- _What you are asked to do_: Restate exactly the lines below, from the one containing "Ответы. Unit 1." through the final line, and leave out the pictures.

━━━ Material supplied

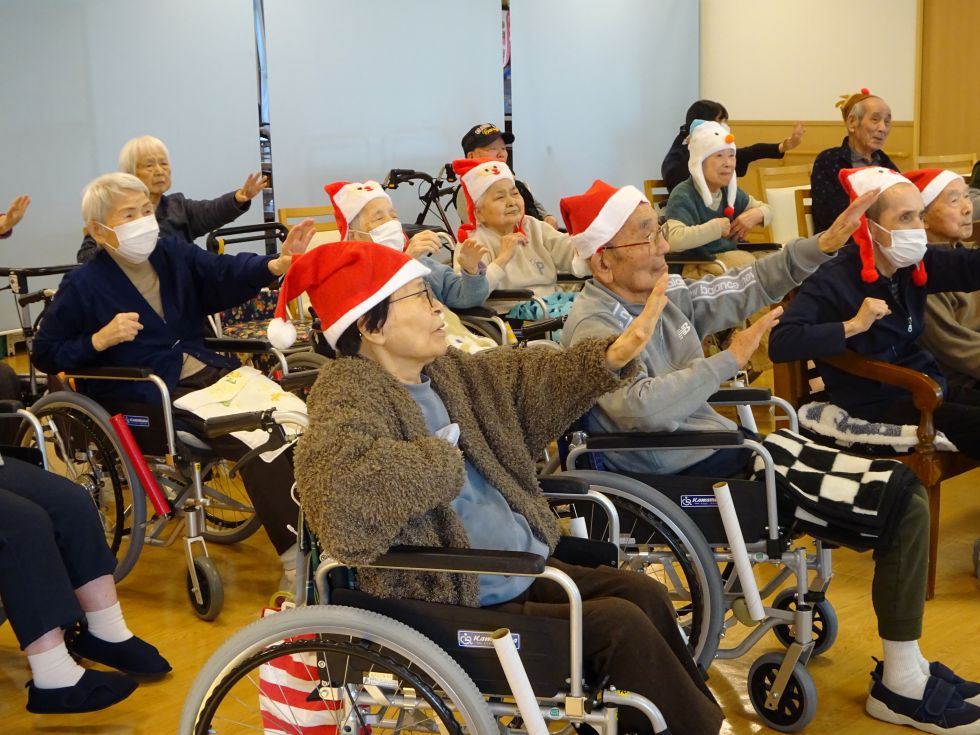 赤鼻のトナカイに始まり、音楽レクレーションでは氷川きよしさんの青い山脈、きよしのソーラン節を皆で踊り、ディスコタイムではステインアライブで身体を動かして「きよししこのよる」五木ひろしさんの「夜空」「空に太陽があるかぎり」を合唱し、最後は坂本九さんの「見上げてごらん夜の星を」で締めくくりました。涙ぐむ利用者さんについこちらももらい泣き(´;ω;`)ウッ…
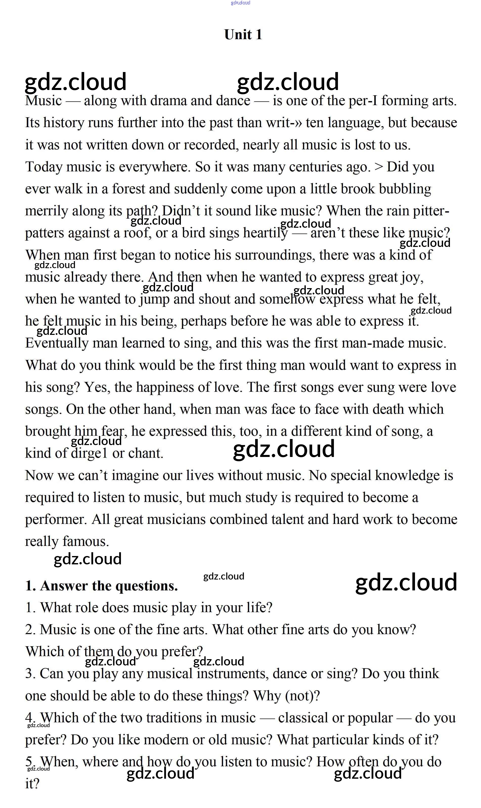 Ответы. Unit 1. Sounds of Music по Английскому языку 11 класс Учебник Афанасьева Углубленный уровень Просвещение
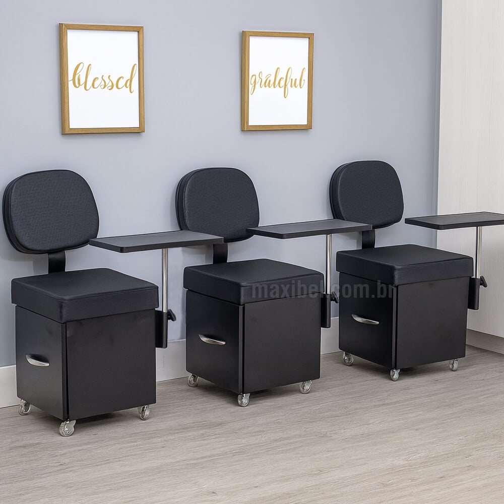 Cadeira cirandinha para manicure e pedicure com tampo ajustável e gavetão.
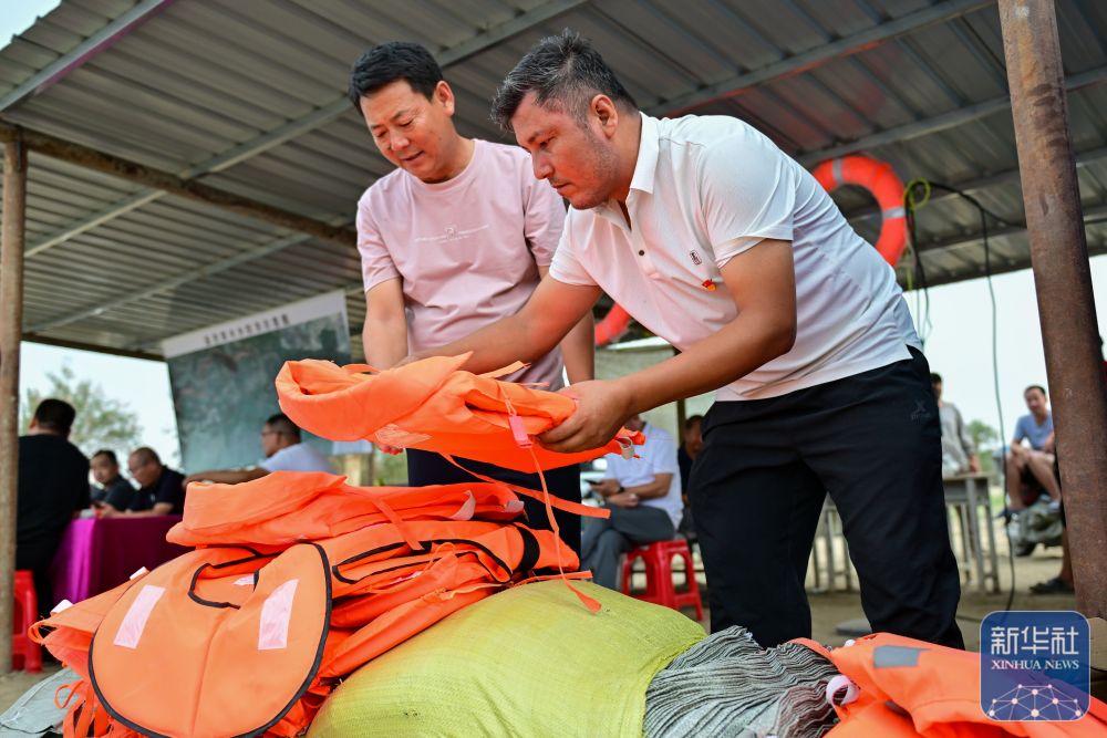 ↑在新疆阿克蘇地區(qū)沙雅縣蓋孜庫木鄉(xiāng)吐央村,搶險(xiǎn)人員在整理防汛物資(8月3日攝)。
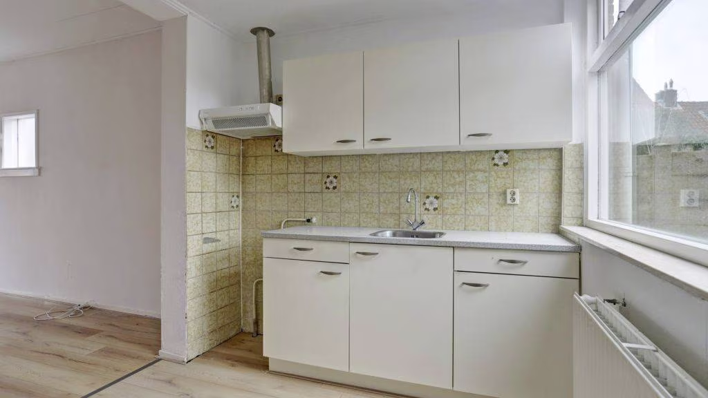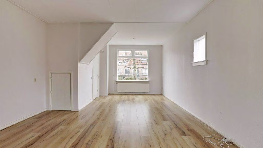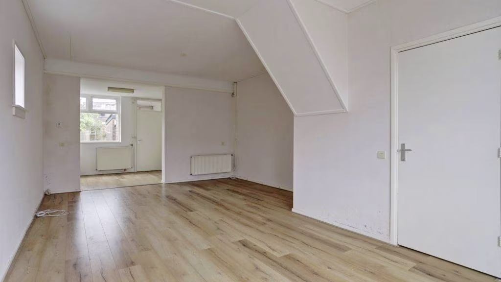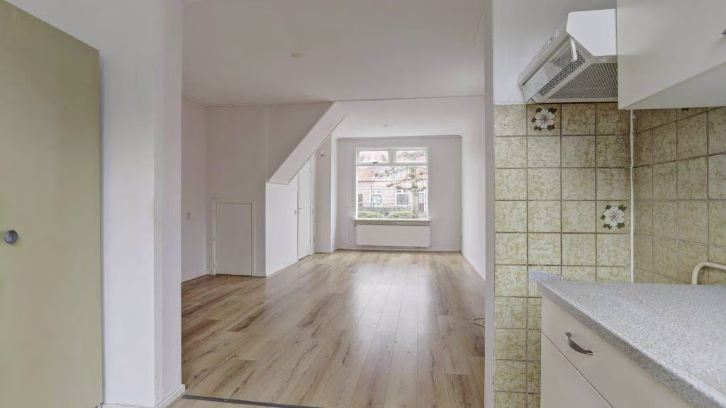 Entree, hal, meterkast. Woonkamer met directe verbinding tot keukenruimte. Achterportaal naar badkamer, toilet en opstelplaats cv-ketel met witgoed apparatuur aansluitingen.

━━━━━━

- _Response to this task_:
 Ответы. Unit 1. Sounds of Music по Английскому языку 11 класс Учебник Афанасьева Углубленный уровень Просвещение
 Cadeira cirandinha para manicure e pedicure com tampo ajustável e gavetão.
 ↑在新疆阿克蘇地區(qū)沙雅縣蓋孜庫木鄉(xiāng)吐央村,搶險(xiǎn)人員在整理防汛物資(8月3日攝)。
 Entree, hal, meterkast. Woonkamer met directe verbinding tot keukenruimte. Achterportaal naar badkamer, toilet en opstelplaats cv-ketel met witgoed apparatuur aansluitingen.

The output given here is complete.